Doctors from the University of Edinburgh and local intensive care units have linked to fight an antibiotic-resistant infection which attacks some hospital patients.

Doctors from the University of Edinburgh and local intensive care units have linked to fight an antibiotic-resistant infection which attacks some hospital patients. The scientists aim to find new treatments for ventilator-associated pneumonia (VAP) at a time when bacteria resistant to antibiotics are emerging faster than the pharmaceutical industry can produce new drugs to combat hospital-acquired infections. It is estimated that as many as 20% of patients who require treatment on a ventilator machine may develop VAP and the infection is fatal in a high proportion of these patients.

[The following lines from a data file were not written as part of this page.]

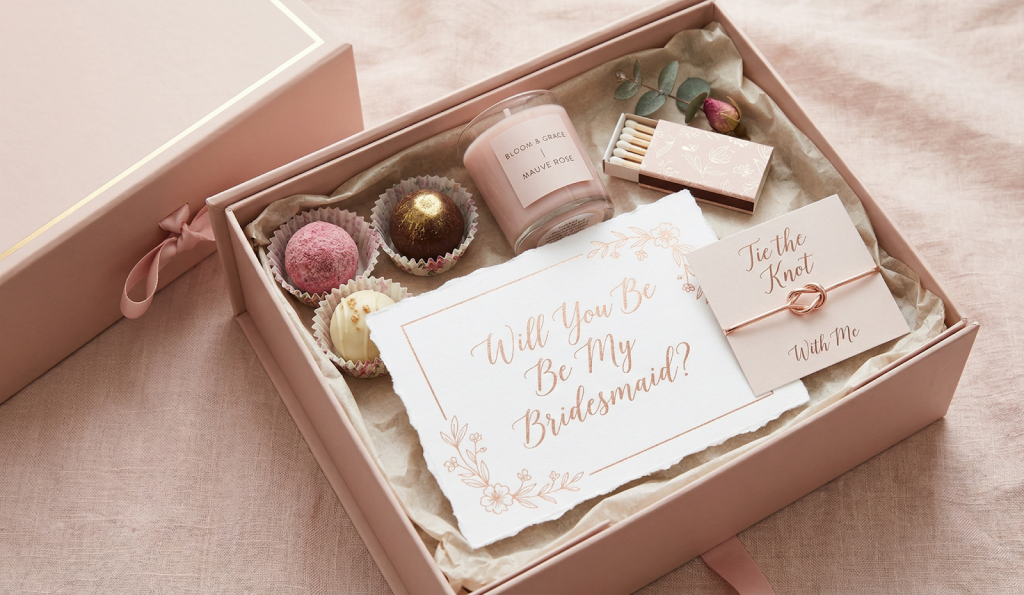 | Proposal box | Curated “Will You Be My Bridesmaid?” box | $25 – $60 |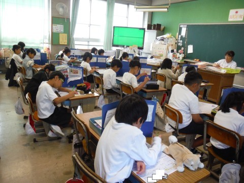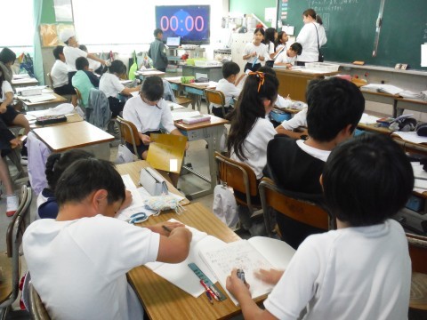 (上の写真)算数の時間の様子です。今日は,計算の仕方について考えました。ノートに考えを図や文章にまとめていました。(下の写真)国語の時間の様子です。今日は,テストをしていました。じっくり読んで問題に取り組みました。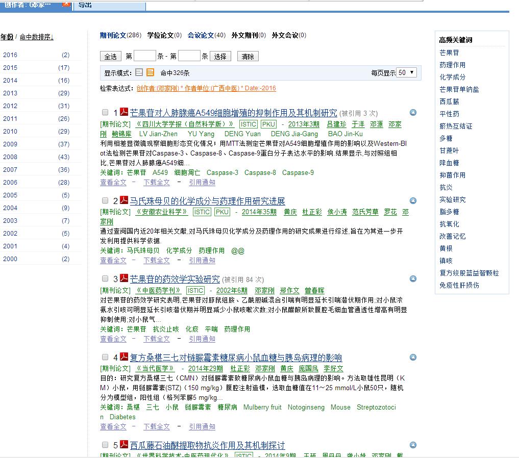 (2)进入检索结果界面:搜索到有关beat365官网邓家刚教授所发表的文献326条.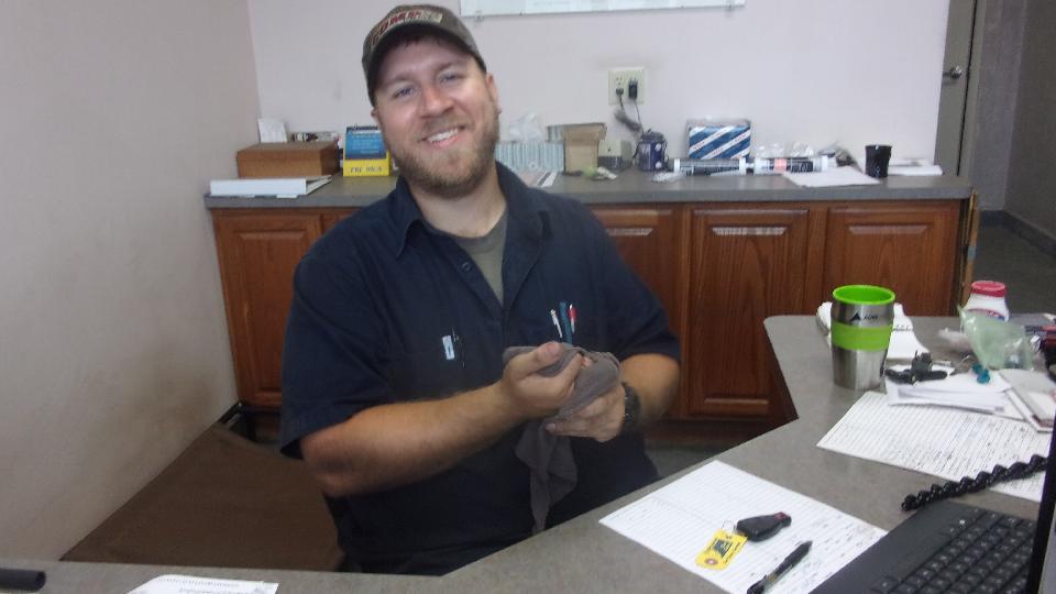 Our first stop today was Delhi Import Service In Cincinnati, Ohio. Say hello to the owner Carey G Saab. The business card lists BMW, Mercedes, Saab and Volvo listed, but they do work on a fair number of vintage British cars as well. There was a Triumph Stag in the shop today, a bug-eye Sprite on the side, and a modern Mini out front. He said he gets a lot of referrals from other shops who don't want to work on the older cars.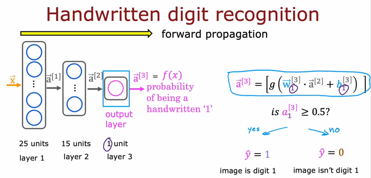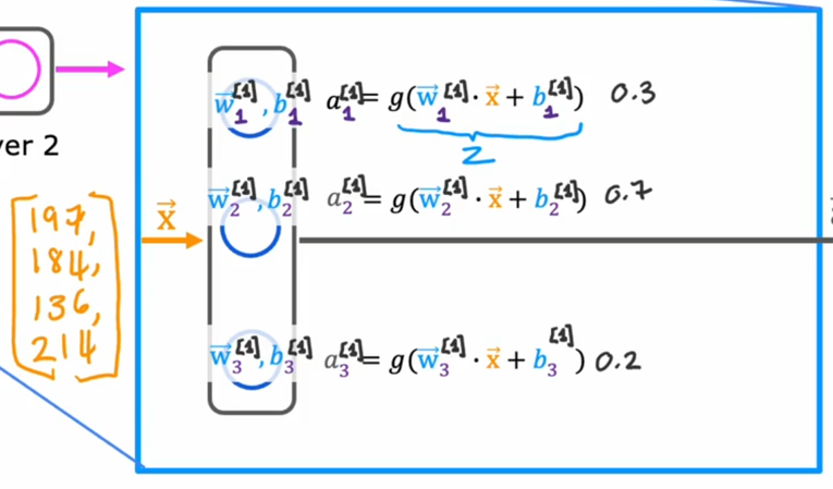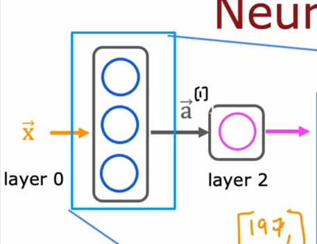 我们将数据输入,在神经元里面进行计算,第一个神经元经过计算输出值,第二个第三个同理,我们可以把每一个神经元看作是一个函数计算,经过计算后,三个神经元的计算结果组成了a向量,传输至下一层,当我们构建多层的神经网络的时候,不同的层将起到不同的作用。输入层一般被称为Layer 0。如今的神经网络一般可以达到几十层甚至上百层。为了区分不同的层,我们一般用上标加上方括号来标记不同的层。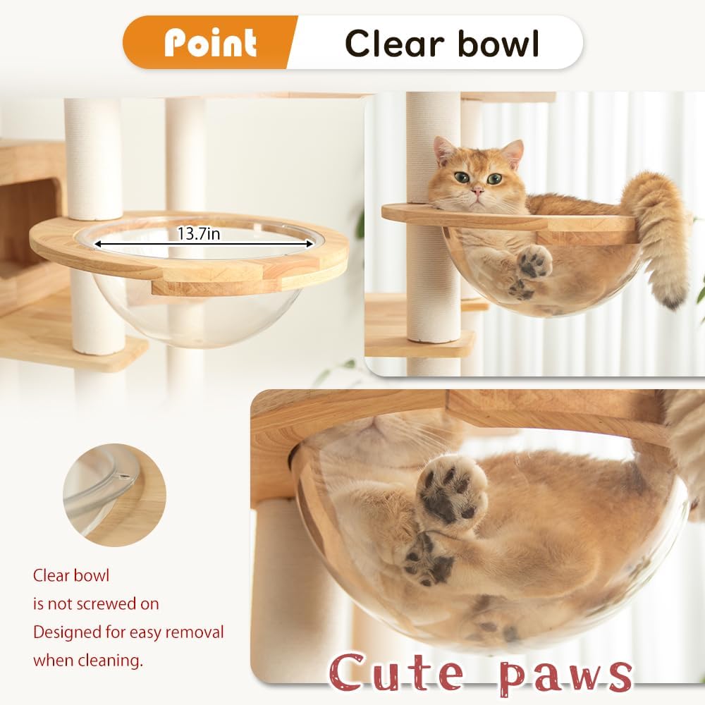 • Private Cat House & Acrylic Bubble Lounge-Includes a cozy wooden cubby with a cute cat-head opening for privacy and an acrylic bubble perch to satisfy your catโ€™s curiosity and love for elevated views.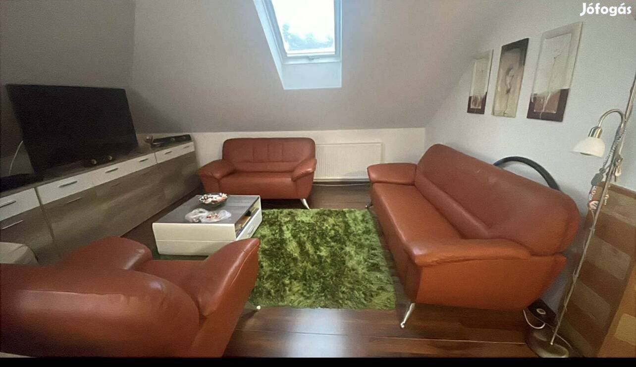 Terrakotta színű 3-2-1 Bőr ülőgarnitúra megkímélt állapotban.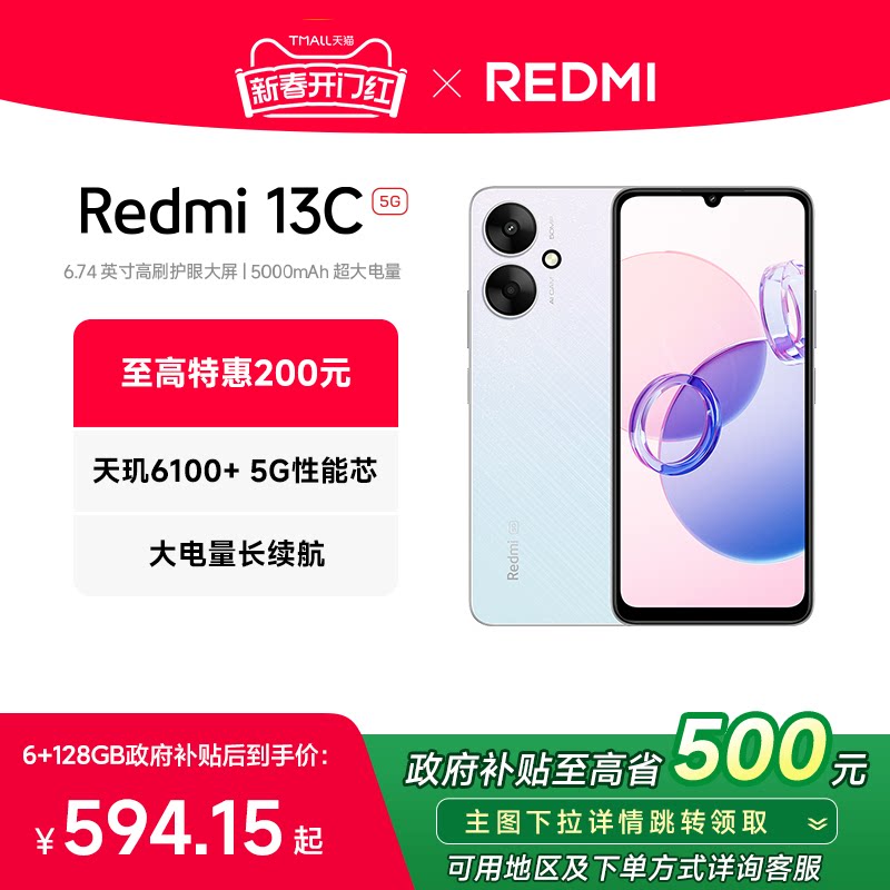 【政府补贴至高15%】Redmi 13C 5G手机智能官方旗舰店红米小米13c大音学生老年备用老人百元专用

The lung is known to make its own antibacterial substances, but these are overwhelmed by bacteria during severe infection. The new five-year Edinburgh study, which begins in May, will look first at the way the lung produces antibacterial substances. Researchers then hope to discover which of the lung’s natural antibiotics are most deficient during severe pneumonia and design the best ways to deliver genes producing these antibiotics to the diseased lung.

Dr John Simpson, leading the project, explained: “ We plan to boost expression of these naturally occurring genes in white blood cells which are programmed to travel from the bloodstream to the infected lung. In this way, the ‘highjacked’ blood cells will carry the antibiotic genes to exactly where they are most needed. We will take blood and samples of fluid from the lungs of patients with VAP to see if natural antibiotics and the cells which fight infection are able to function normally in their infected environment. The next step is to identify the best combination of therapeutic genes to be developed in the laboratory, in the hope that we can make the body’s cells and natural antibiotics clear severe pneumonia more efficiently. We hope that studying patients and healthy volunteers will pave the way for clinical trials of gene therapy for VAP, towards the end of the five-year programme. If successful, we could use the knowledge to tackle other hospital-acquired infections.”

Dr Simpson, a senior clinical lecturer and honorary consultant in respiratory medicine, was awarded the Sir Jules Thorn Award for Biomedical Research 2003 — the first time the award has been made to a Scottish University. The £970,000 award from the Sir Jules Thorns Charitable Trust, an independent medical research charity, will support the five year research programme.